Plasmodium falciparum Falcipain-2a Polymorphisms in Southeast Asia and Their Association With Artemisinin Resistance

Abstract

Background: Falcipain-2a ([FP2a] PF3D7_1115700) is a Plasmodium falciparum cysteine protease and hemoglobinase. Functional FP2a is required for potent activity of artemisinin, and in vitro selection for artemisinin resistance selected for an FP2a nonsense mutation.

Methods: To investigate associations between FP2a polymorphisms and artemisinin resistance and to characterize the diversity of the enzyme in parasites from the China-Myanmar border, we sequenced the full-length FP2a gene in 140 P falciparum isolates collected during 2004-2011.

Results: The isolates were grouped into 8 different haplotype groups. Haplotype group I appeared in samples obtained after 2008, coinciding with implementation of artemisinin-based combination therapy in this region. In functional studies, compared with wild-type parasites, the FP2a haplotypes demonstrated increased ring survival, and all haplotype groups exhibited significantly reduced FP2a activity, with group I showing the slowest protease kinetics and reduced parasite fitness.

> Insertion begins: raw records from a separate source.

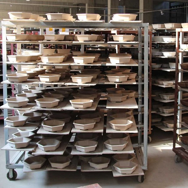 Herstellungsverfahren: Flüssiger Ton wird in eine Gipsform gepresst. Dadurch entsteht ein sehr akurater Grundkörper, der nach dem Trocknen im Gasofen bei ca. 1150-1200°C gebrannt wird.
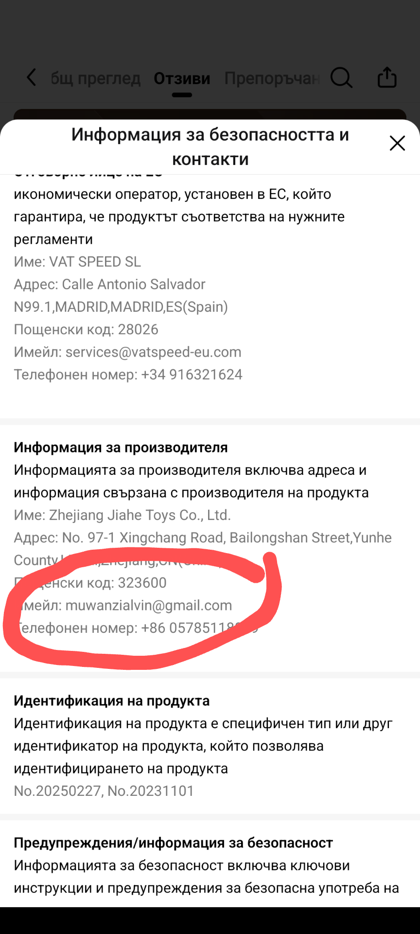 Редактирам: имейла търсим в информация за производителя
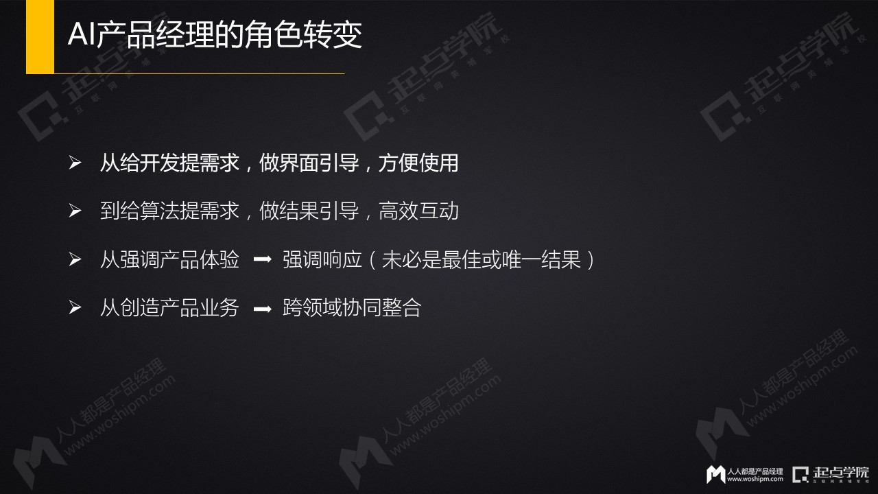 在选完定位以后,作为传统产品经理转人工智能的产品经理,你还要经历一个角色的转变:
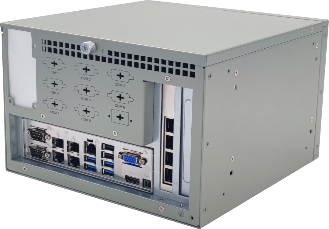 推荐配置方案:PCIe槽插入4口PoE网卡,驱动多相机同步采集;扩展8个COM口连接PLC控制剔除装置。
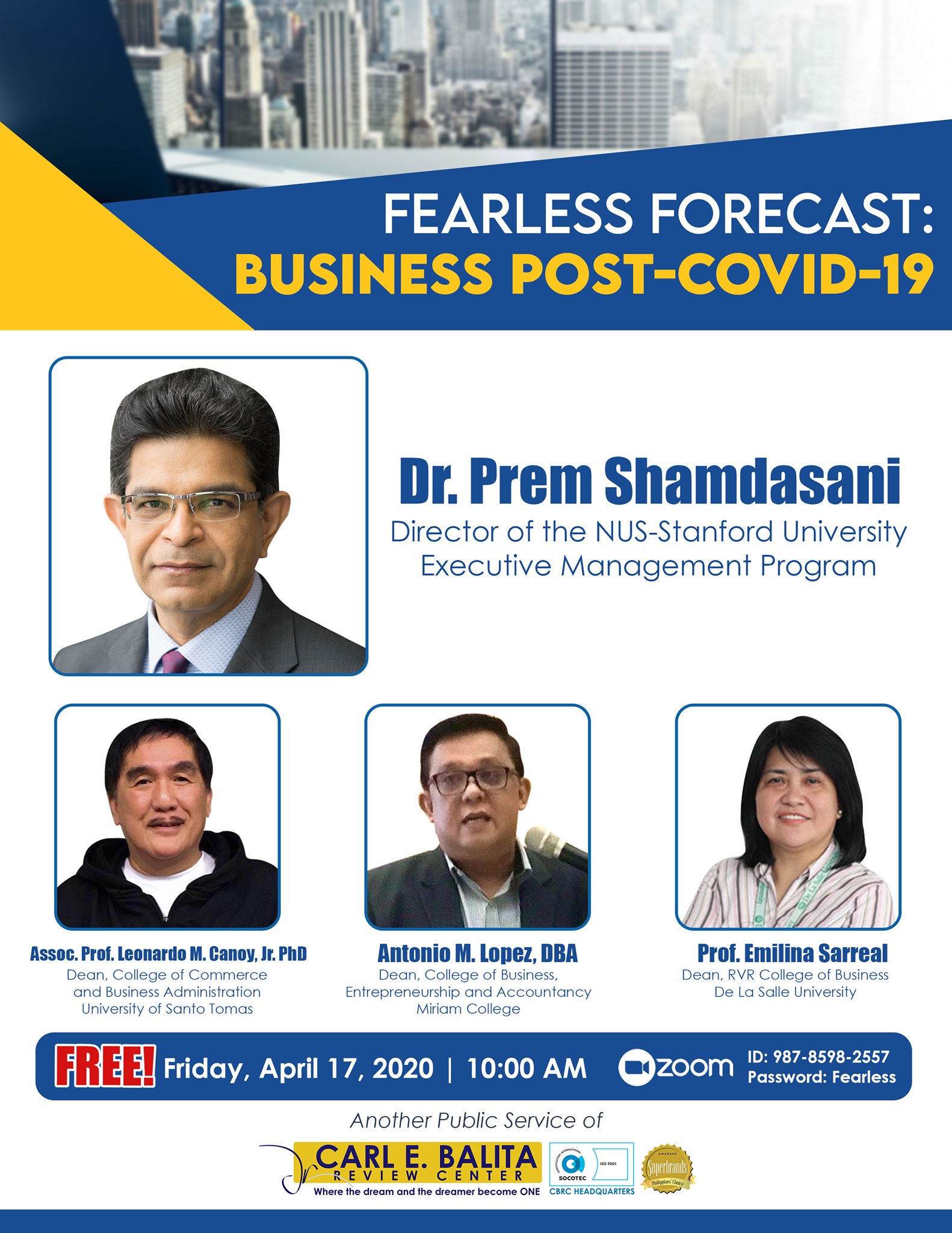The Philippine Academy of Management (PAOM) invites PAOM members to join us in a free webinar via Zoom titled “Fearless Forecast: Business Post-COVID-19” this April 17, 2020, Friday, 10:00 AM. The Zoom ID is 987-8598-2557 with the password: Fearless. The webinar will be facilitated by the NUS-Stanford University Executive Management Program Director Dr. Prem Shamdasani, University of Santo Tomas College of Commerce and Business Administration Dean Dr. Leonardo M. Canoy, Jr., Miriam College – College of Business, Entrepreneurship, and Accountancy Dean Dr. Antonio M. Lopez, and De La Salle University RVR-COB Dean Dr. Emilina Sarreal.
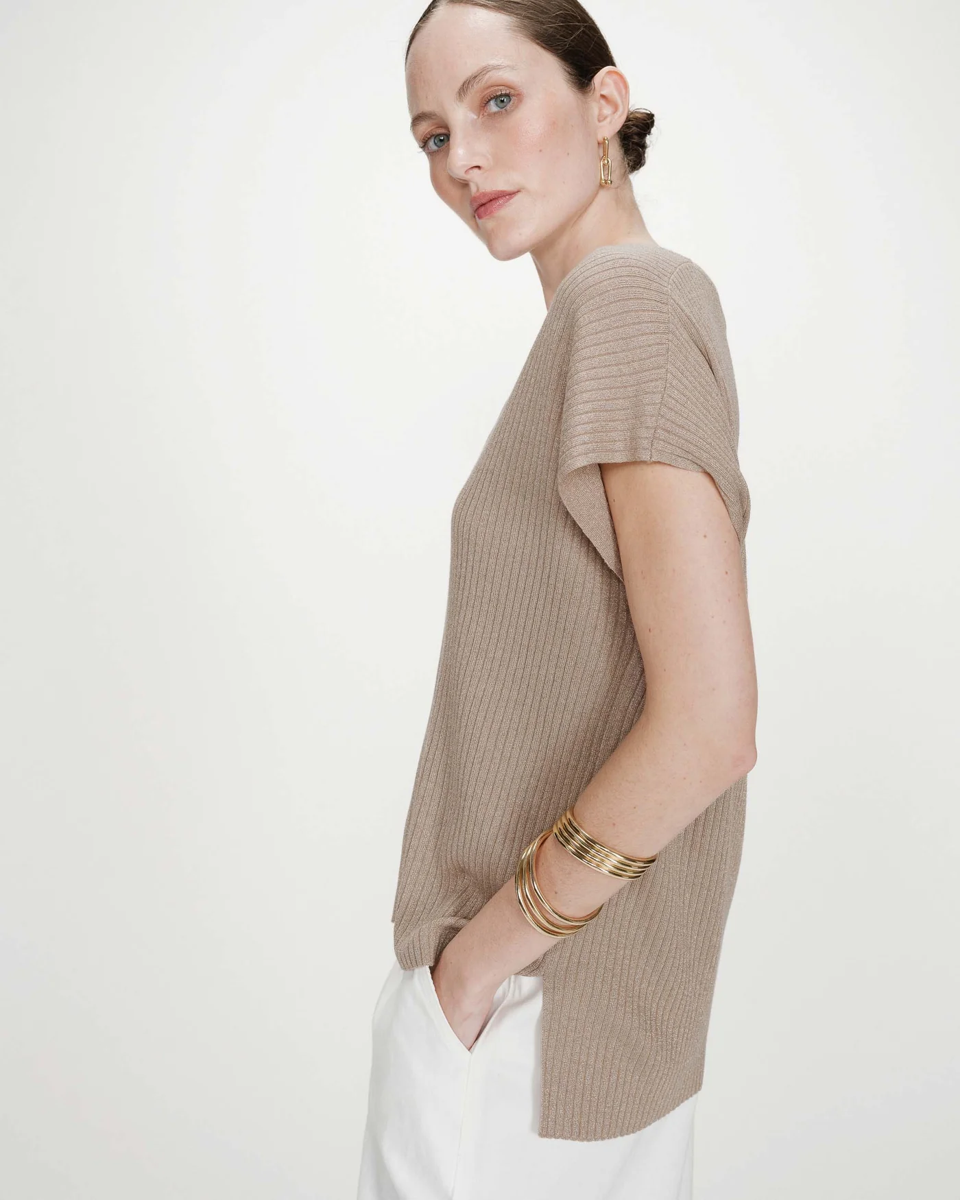 Top large sans manches en lurex
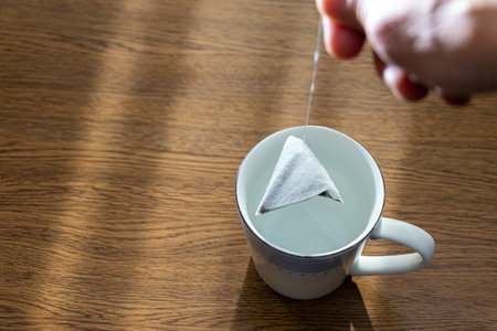 hand putting a pyramid tea bag in a hot water cup in the morning
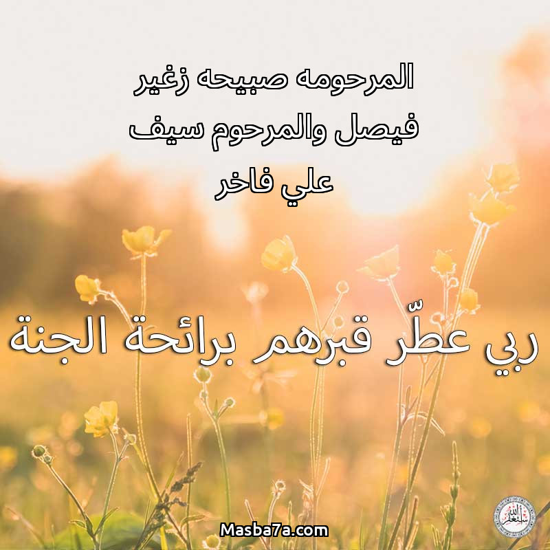اللهم ارحم ( المرحومه صبيحه زغير فيصل والمرحوم سيف علي فاخر ) وانس وحشتهم واجمعنا بهم في جنتك ، اللهم ارحمهم بقدر شوقنا لهم اللهم ارحمهم واغفر لهم.
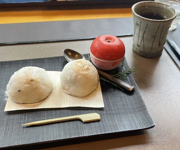 - ★ 石段街の麓から、道路を挟んだ向かい側にある甘味処です。自家製のお餅を使った手作り「あがり餅」や、りんごジェラートは自慢の逸品。持ち帰りもできるので、宿でゆっくり食べるのもいいですね
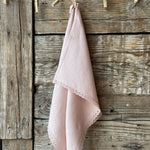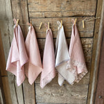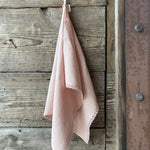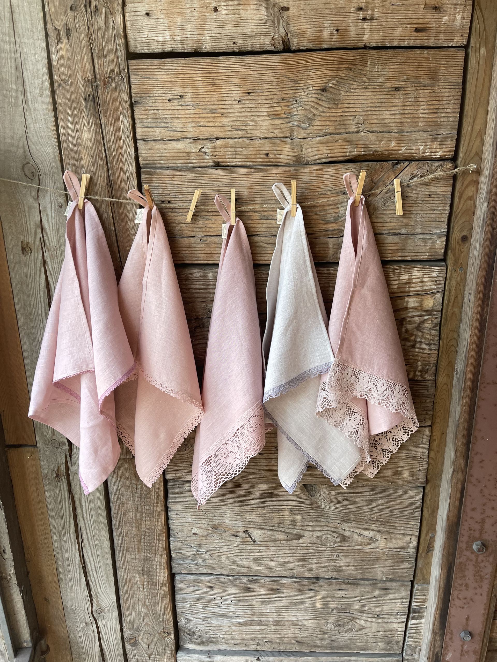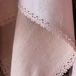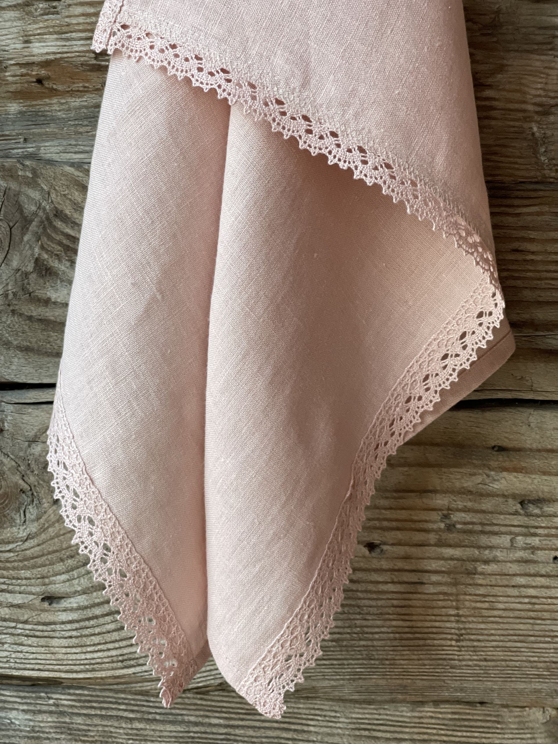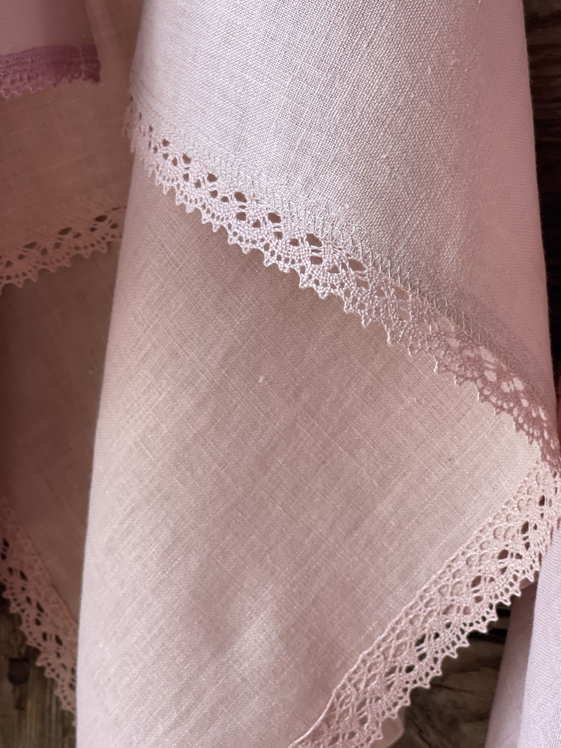 Maigi rozā mīkstināta lina dvielītis ar maigi rozā lina mežģīni - cakiņu

Conclusions: These results suggest that altered hemoglobin digestion due to FP2a mutations may contribute to artemisinin resistance.

Figure 1.

Falcipain-2a (FP2a) haplotypes of 140 China-Myanmar Plasmodium falciparum isolates. (A) Domain organization of the FP2a protein showing functional cysteine protease domain ([CP] amino acids [AA], 261–482), inhibitor domain ([ID] AA, 165–222), and the transmembrane domain ([TM] AA, 35–57). (B) Twenty-five distinct haplotypes identified in the 140 isolates were categorized into 8 haplotype groups based on sequence phylogeny. The left panel shows each haplotype groups and their frequency in 140 samples. The bar graph (right) shows the proportions of haplotype groups over time.

Figure 2.

Three-dimensional modeling of Pf3D7-falcipain-2a (FP2a) (amino acids, 245–484) using 3PNR.pdb. (A) Single-nucleotide polymorphisms in the protease domain (T343P, D345G, A353T, V393I, A400P, and Q414E) and the prodomain (M245I, E248D, E249A, K255R, and N257E) are highlighted. (B) A353, A400, and Q414 lie in the binding interface of FP2a and its inhibitor. A353 is partially buried, whereas A400 is fully buried in the interface and located in the middle of a short helix. (C) Q414 forms a hydrogen bond with the inhibitor. Abbreviation: ICP, Plasmodium berghei homolog of falstatin (inhibitor of cysteine proteases).

Figure 3.

Phenotypic characterization of representative isolates. (A) Mean survival rates from ring-stage survival assay of 140 isolates grouped according to falcipain-2a (FP2a) haplotype groups (I–VIII). Wild type (WT) = 3D7 and 3 field isolates with WT K13 and FP2a sequences. ALL = mean for all 137 isolates with FP2a single-nucleotide polymorphisms (SNPs). (B) Mean growth in amino acid-depleted complete medium (CM-AA) of 29 representative isolates. ALL = mean growth in CM-AA for all 27 isolates with FP2a SNPs. (C) Average number of merozoites (N_avg) in the mature schizonts of 29 representative isolates. ALL = mean N_avg for all 27 isolates with FP2a SNPs. *, P < .05 (t test) vs WT in A–C. (D) Michealis-Menten curve-fits of Z-LR-AMC hydrolysis by trophozoite extracts from WT and parasites in haplotype groups I–VIII.